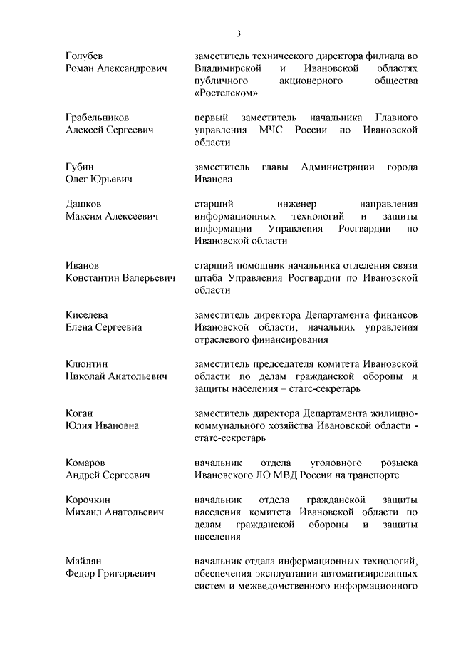 Распоряжение Правительства Ивановской области от 17.06.2025 N 77-рп "О внесении изменений в распоряжение Правительства Ивановской области от 05.08.2015 N 177-рп "О создании рабочей группы по вопросу построения (развития) и внедрения аппаратно-программного комплекса "Безопасный город" на территории муниципальных образований Ивановской области"
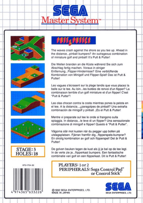 Putt & Putter è un divertente gioco di mini golf pubblicato per Sega Master System, che propone un’esperienza sportiva semplice ma ricca di sfide e percorsi originali.
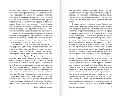 Одна из величайших книг ХХ века. Странная, поэтичная, причудливая история города Макондо, затерянного где-то в джунглях, – от сотворения до упадка.История рода Буэндиа – семьи, в которой чудеса столь повседневны, что на них даже не обращают внимания. Клан Буэндиа порождает святых и грешников, революционеров, героев и предателей, лихих авантюристов – и женщин, слишком прекрасных для обычной жизни. В нем кипят необычайные страсти – и происходят невероятные события.Однако эти невероятные события снова и снова становятся своеобразным «волшебным зеркалом», сквозь которое читателю является подлинная история Латинской Америки…
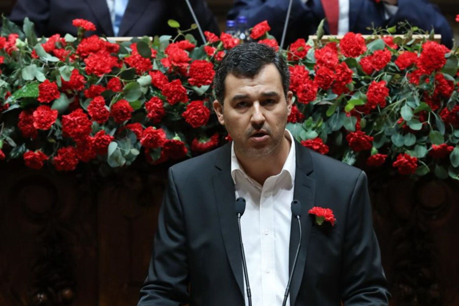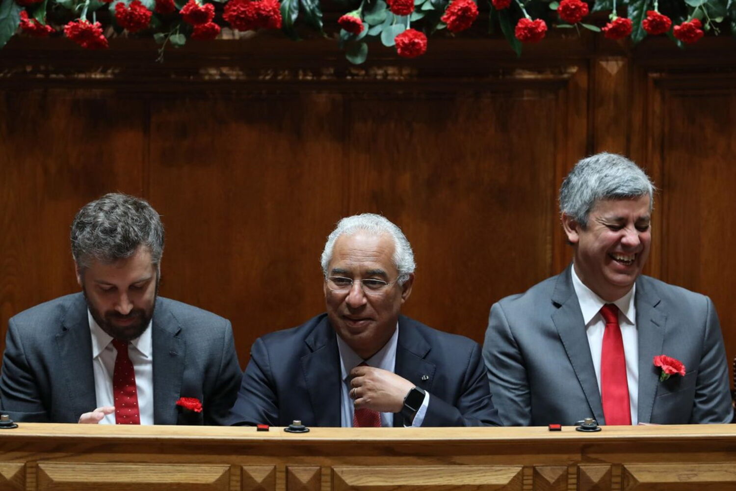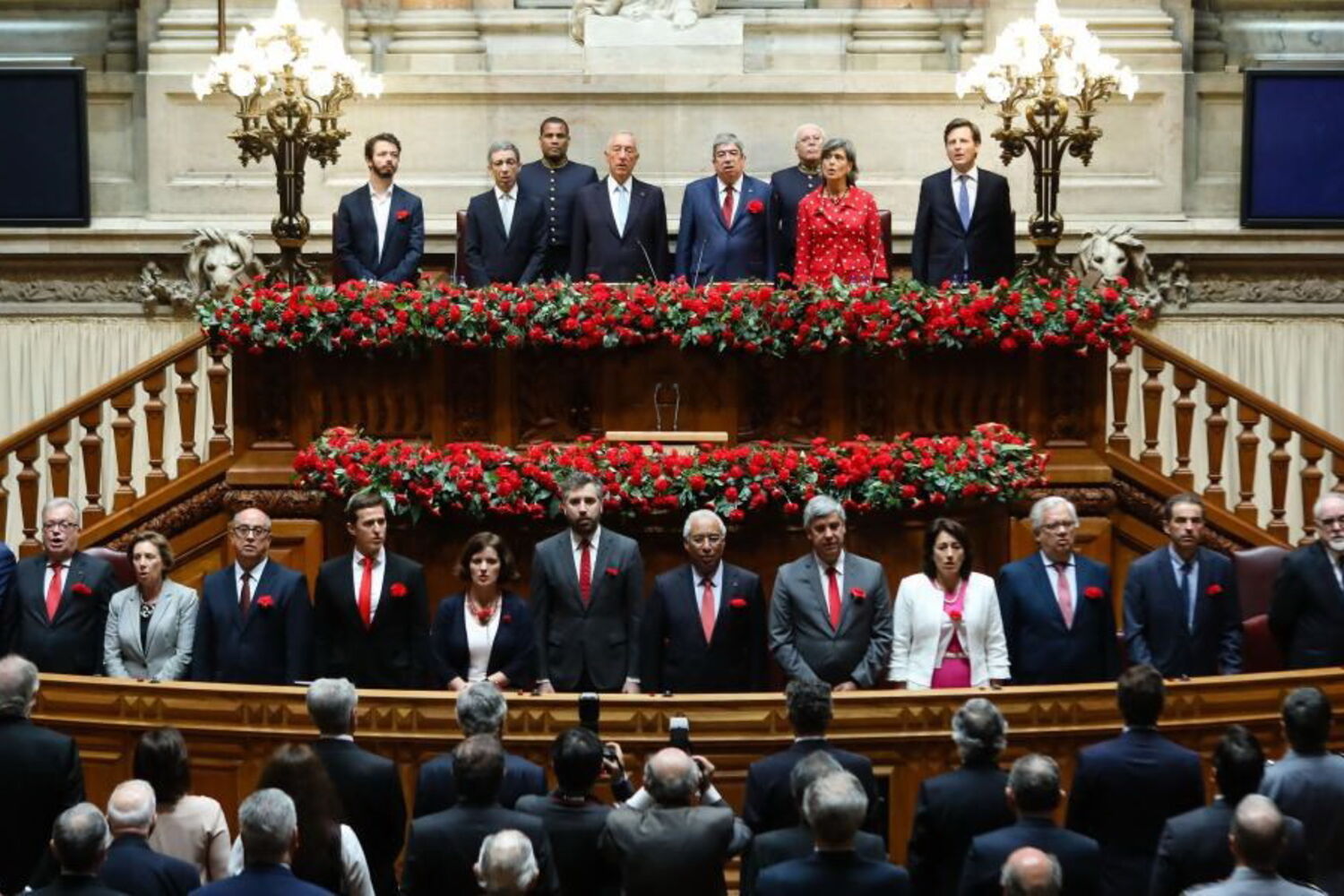 O primeiro-ministro, António Costa, e membros do Governo envergam cravo vermelho ao peito, assim como o líder do PSD, Pedro Passos Coelho.
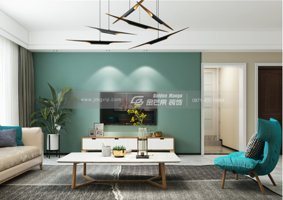 客廳整個空間主要以電視背景墻與沙發(fā)背景墻的顏色相呼應(yīng),獨(dú)特的吊燈設(shè)計(jì)有著很強(qiáng)空間穿透力,以及簡單的沙發(fā)和茶幾布置,再加上使用淺灰色的地磚,使得整個空間的色彩搭配達(dá)到極致,提升整個客廳空間的顏值。
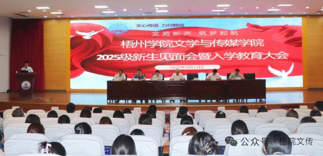 9月13日晚,梧州学院文学与传媒学院在明理楼一楼报告厅举办2025级新生见面会暨入学教育大会。出席本次大会的有学院党委书记梁宏云、学院副院长(主持工作)段祥贵、学院党委副书记龚红梅、学院副院长谢友中、文...[详细]
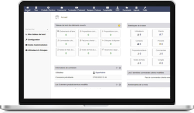 DomeERP propose un certains nombres de fonctionnalités en standard. En outre, la possibilité de pouvoir en ajouter selon votre activité.
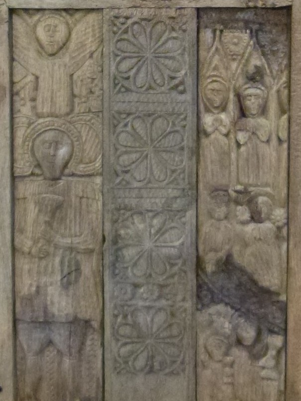 Ce singulier objet mobilier, classé au titre des Monuments Historiques, se compose d’éléments de différentes provenances plusieurs fois remaniés dont un dorsal sculpté en bas-reliefs datant du XVIe siècle.
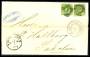 1865. 8 sk. grøn x 2 på brev fra Kjøbenhavn til Laholm, Sverige. Attest LN.
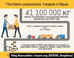 Если говорить о финансовой стороне вопроса, то, по данным Государственной службы статистики Украины, в январе-апреле 2015 года Украина поставила на территорию Крыма товаров на общую сумму 308,652 млн долларов, что на 296,109 млн долларов или в 25 раз больше объема поставки товаров из Крыма на материк. Примечательно, что за январь-февраль было поставлено товаров на 96,5 млн долларов. То есть динамика явно нарастающая, так как за вдвое больший промежуток времени товарный объем не удвоился, а утроился.
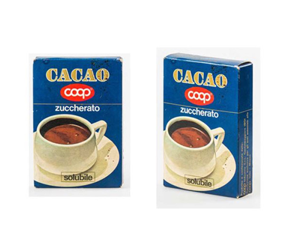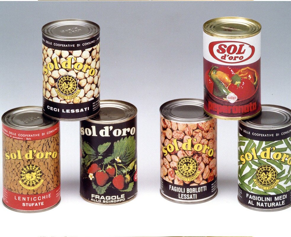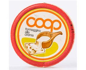 Il marchio Coop si proponeva soprattutto come garante dei prodotti: per questo era visivamente rappresentato da un timbro in cui tante persone si tenevano per mano, circondando il logo. Sui prodotti invece il logo aveva un nostalgico carattere corsivo, proprio secondo gli stili dell’epoca.
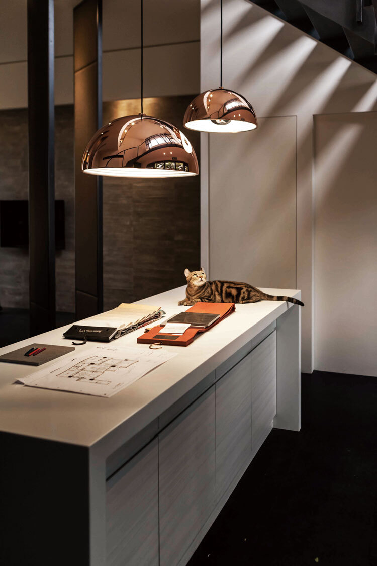 穹頂的半圓型燈罩宛如天空的一隅,簡潔而深邃,耀眼的光芒在一圈一圈遞迭的同心圓鋁反射罩上層層漫開,化為蒼穹般溫潤的光暈;可高低調節的燈泡遮蓋,除了讓出光量多了點彈性,更體貼地遮去刺眼的光線,為空間注入安定與平和,讓每一個夜晚都被溫柔擁抱。
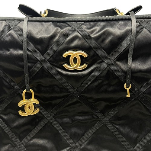 Chanel Black Nylon Large Travel Bag Gold-Tone Hardware Tote Duffle Bag 2022
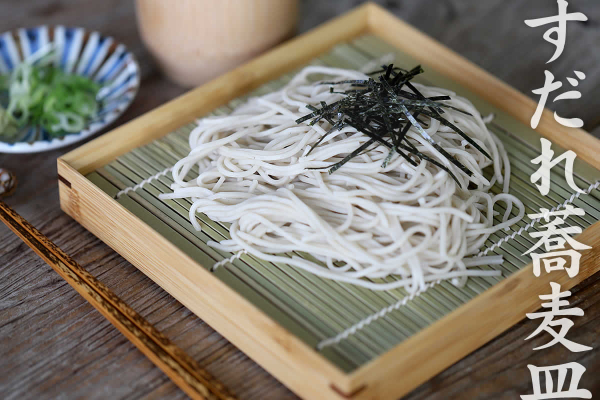 食卓に水切りの滴が落ちない竹製箱型すだれ蕎麦皿
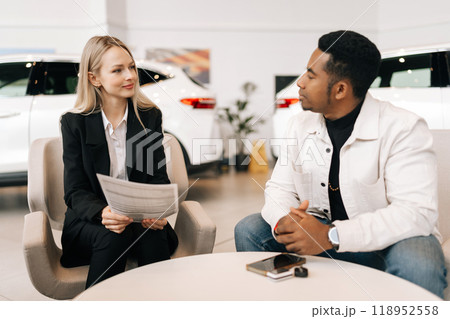 Portrait of female car dealer consulting black buyer, handing over purchase agreement for review at showroom. Serious African client receiving car purchase contract before signing in dealership
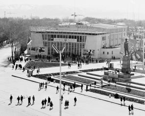 На фото: памятник Владимиру Ильичу Ленину и кинотеатр имени А. Джами на площади имени В. И. Ленина, Душанбе, Таджикская ССР, СССР, 1966 год.
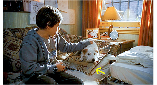 2人はホテルに駆けつける。部屋に入って行っても遠吠えはやまないが、ひょっとしたらとアンディがロールスクリーンを上げると、ぴたりと鳴き止む。要は、昨夜、余計なことをしたのが災いしたのだ〔それまでずっと開きっ放しだったのに、人間がいるかのように勝手に閉めた〕。ここで、コンメタリー。大型犬の遠吠えは、音響効果だとか。ところで、3匹の犬は、2人が決死の思いで持ってきた食べ物を食べようとしない。里親の家の食べ物が如何に不味いかが分かる。ブルースは、「レニーとジョージアったら、触ろうともしない」と驚く。「ホントのドッグフードを手に入れないと」(1枚目の写真、矢印はフライデー)。アンディは、食べないことより、犬の名前を問題にする。「ちょっと待って? 何て呼んだ?」。「レニーとジョージア。名前付けたんだ」。「名前なんか付けちゃダメ。情が移っちゃうわ」。アンディは、1匹でも大変なのに、3匹も面倒は見られないと言うが、ブルースが持参したクッションの上にフライデーが嬉しそうに座ると、何とも言えなくなる。「僕が 静かにしてるよう見てるから、お姉ちゃんはホントの食べ物を調達してきて」。「分かった、だけど、これっきりよ」。アンディは、一昨日訪れたペットショップに行く。店番のデイヴが、さっそく話しかけてくる。アンディが大袋を見ていると、「それ、40ポンド〔約18キロ〕入りだよ」と驚く。アンディが持ってきたビラが小型犬だったので、大きすぎると思ったのだ。アンディは、他にも野良犬が2匹いると打ち明ける。そして、両親が犬好きで、庭も広いから、捨て犬を保護していると嘘までつく。デイヴは、その話に便乗しようと思い、店に置いている「引取り手のない犬たち」を預かってもらえないかと頼む。見返りは、ドッグフード。犬たちは、クーパー(ブルドッグ)、シェップ(ウェルシュ・コーギー・カーディガン?)(2枚目の写真)、ロメオ(チャイニーズ・クレステッド)の3匹。やむを得ず引き受けたアンディは、犬の形を模した店の専用車で、犬たちとともにデイヴに送ってもらう。アンディが連れて行った先は、放置されたホテルの裏口なので、デイヴも「何か変」だと思い始めるが、それでも一緒に中に入って行く。「ここ、安全なのか?」。「ええ、数日前から来てるわよ」。その時、犬を静かにさせようと、発明家のブルースが作った「投石機ならぬ投物機」から飛んできた柄杓(ひしゃく)がデイヴの頭を直撃する。アンディが第三者を連れてきたことに、ブルースはいい顔をしないが、「投物機」を褒められ、仲間として受け入れる。すると今度は、下階の方から女性の声がする。床の糞を踏んでしまって叫び声を上げたのだ。それは、同じペットショップに勤めるヘザーだった(3枚目の写真)。彼女も仲間として受け入れられる。
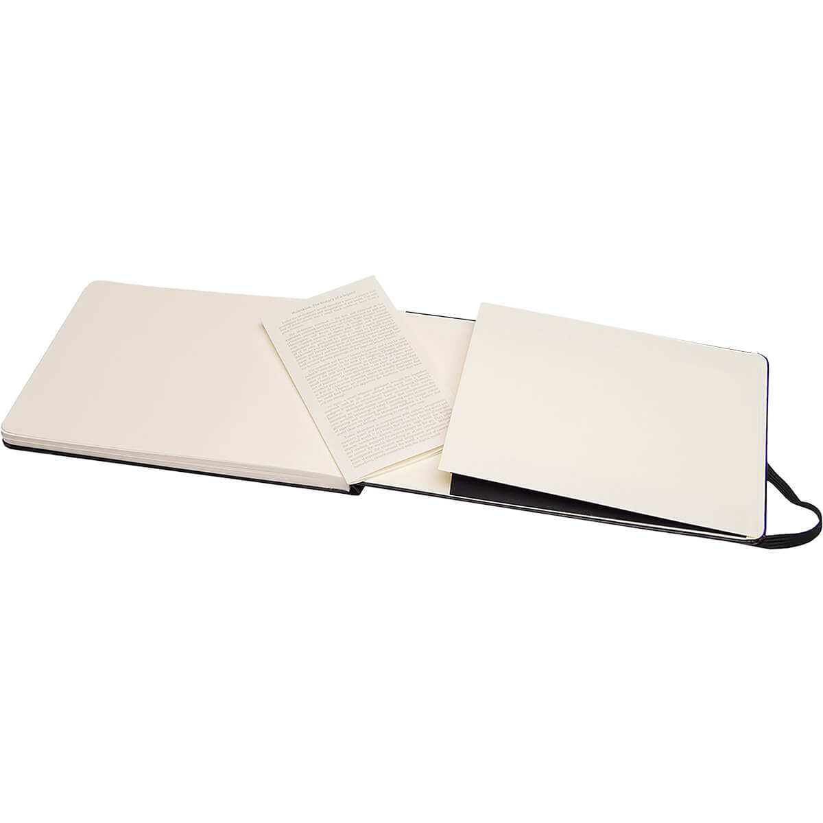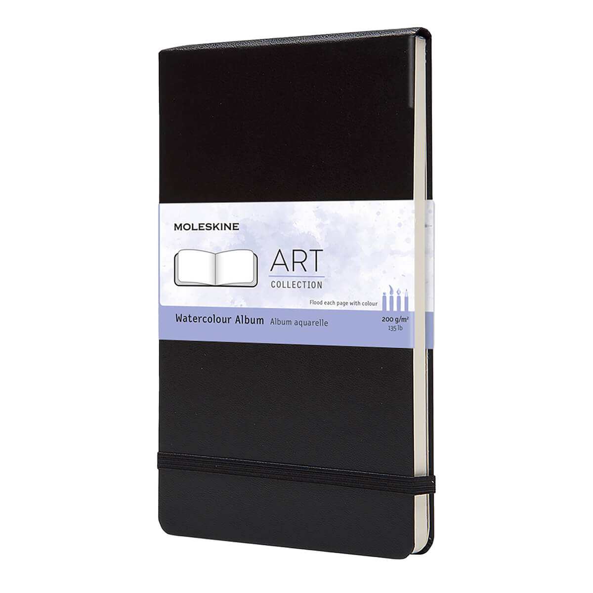 Large Watercolour Album in black by Moleskine. From Moleskine's Art Collection, this large watercolour album is bound in cardboard, with a classic 'moleskine' cover with rounded corners and an elastic enclosure. Each watercolour book has an expandable inner note holder made of cardboard and cloth. Features a special heavy paper for watercolour painting, 200 gsm with 25% cotton fiber, cold pressed, identical on both sides, and specially created for Moleskine.

+++

- Aim of the exercise -
Only the lines from the start of the material to the line with "Putt & Putter", inclusive, belong in the answer, printed exactly and free of pictures.

- Expected output -
 Распоряжение Правительства Ивановской области от 17.06.2025 N 77-рп "О внесении изменений в распоряжение Правительства Ивановской области от 05.08.2015 N 177-рп "О создании рабочей группы по вопросу построения (развития) и внедрения аппаратно-программного комплекса "Безопасный город" на территории муниципальных образований Ивановской области"
 Putt & Putter è un divertente gioco di mini golf pubblicato per Sega Master System, che propone un’esperienza sportiva semplice ma ricca di sfide e percorsi originali.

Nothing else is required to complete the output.